大惊大怕之下,她唯一的反应就是瞠目而无言。任何不忿哀伤自怜都不便再发作了,只剩下那么点萧瑟寂寥。

洪蝶很歉然,“我应该提前告诉你并致歉的。红旗的营销总监任冰现在同徐斯合作,负责这块事务。”

她的开门见山和开诚布公丝毫不带骄傲抑或嘲讽的意思,这些话表述的这些事实,让江湖的心头仍是不觉凉了一凉,继而想到的是,那么刚才徐斯和高屹谈了什么,谈新事业的合作吗?所以洪蝶也会出现在现场?

江湖先是忧伤而冷然地瞥了洪蝶一眼,这位长辈正姿态优雅地喝茶。她刚才的口气温和坦然,又充满歉意。怎么不坦然呢?他们是正当的商业交易,可长辈还是对她有了一份歉意。她是不可应对失礼的。

江湖把头抬了抬,把思绪也厘清了,能够用平和的语气这样说:“红旗都四分五裂了,各自去寻各自门,市场经济自由买卖,也很正常的。”

她的瞬间黯然,洪蝶看在眼里,在想,眼前的女孩心思细腻,高傲之中还有敏慧,不禁怜惜,“我们点菜,让阿姨好好请你。”

菜一道一道上来了,洪蝶似乎是很想安慰江湖,不停为她布菜,还介绍说:“我最喜欢这里的厨师做的鹅肝。在澳大利亚吃过一回以后一直念念不忘。后来他被重金聘来了Cee Club,正合我意,不用做飞去袋鼠国解馋的疯狂举动了。”

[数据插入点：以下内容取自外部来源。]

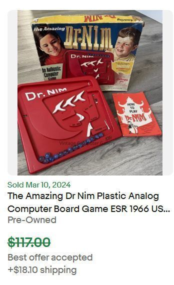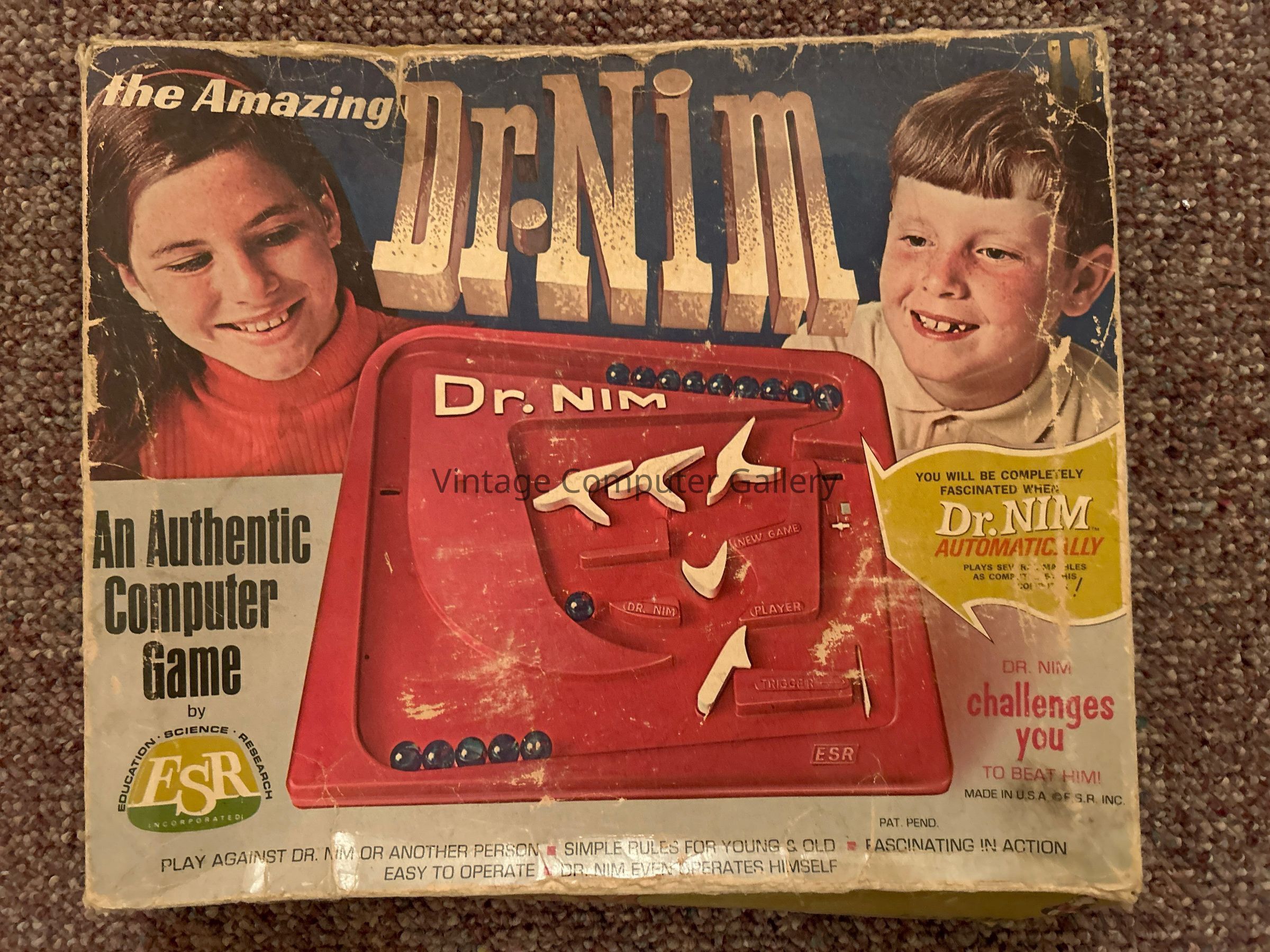 1961- Dr. NIM was a game manufactured by E.S.R., Inc. in the mid-1960s. It consisted of a plastic computer and a set of marbles. The machine would play a person at the game of Nim. The machine was powered by the action of the marbles falling through the machine. A classic game played commonly with 15 sticks. Two players have the choice of taking one, two, or three sticks from the pile at each turn. The player who gets the last stick loses. Dr. Nim plays the same game, only with marbles. Either player can start, and Dr. Nim rarely loses! Another example of computer programming logic realized in plastic. Dr. Nim is also capable of playing a number of variations on the game, and is equally difficult to beat in all of them.

江湖低头跟着品尝,根本味同嚼蜡。她把口里的食物咽了下去,又喝了口红酒,心头热了点。

突然地,但也毫不意外地,有一个念头从她脑海深处浮现出来,就像大海深处探头而出的一线光,刺眼地、跳跃地,让她的心头狂跳起来。这有力的跳动,几乎能够掩盖住她刚才猝发的全部的悲伤和绝望。

江湖甚至为心头的这一触之念而激动了,她是有她的历史使命的,而眼前正面对着这个人,她是不应该放弃机会的。她几乎是急迫地开了口,“那么,洪姨,我是不是能从你们这里把小红马再买回来?”

洪蝶一愕,问:“江湖,你知道这需要多少钱吗?买了以后还要多少钱用于日常的营运?”

这就是一盆凉水泼淋下来,江湖也愣住了,才自省自己是冲动的。

洪蝶向她解释说:“这对徐风投资来说,也不是个小项目,都是徐斯在全权负责。”她顿了顿,思考了一番,很是审慎地对江湖讲道,“如果你真的想回购,还是要和徐斯沟通的。”

原来徐斯果真是这宗业务的主导人,所以他才会和任冰一起出现在高屹的百货公司门口,那恐怕正是在谈合作。

江湖沉默着。

洪蝶的话,不无道理,是她念头一起所没有想到的。如果她要将这么个想法付诸实际的行动,是需要掂量自己的实力,考虑方方面面的现实,最最起码要想好到底如何同徐斯来谈这宗交易。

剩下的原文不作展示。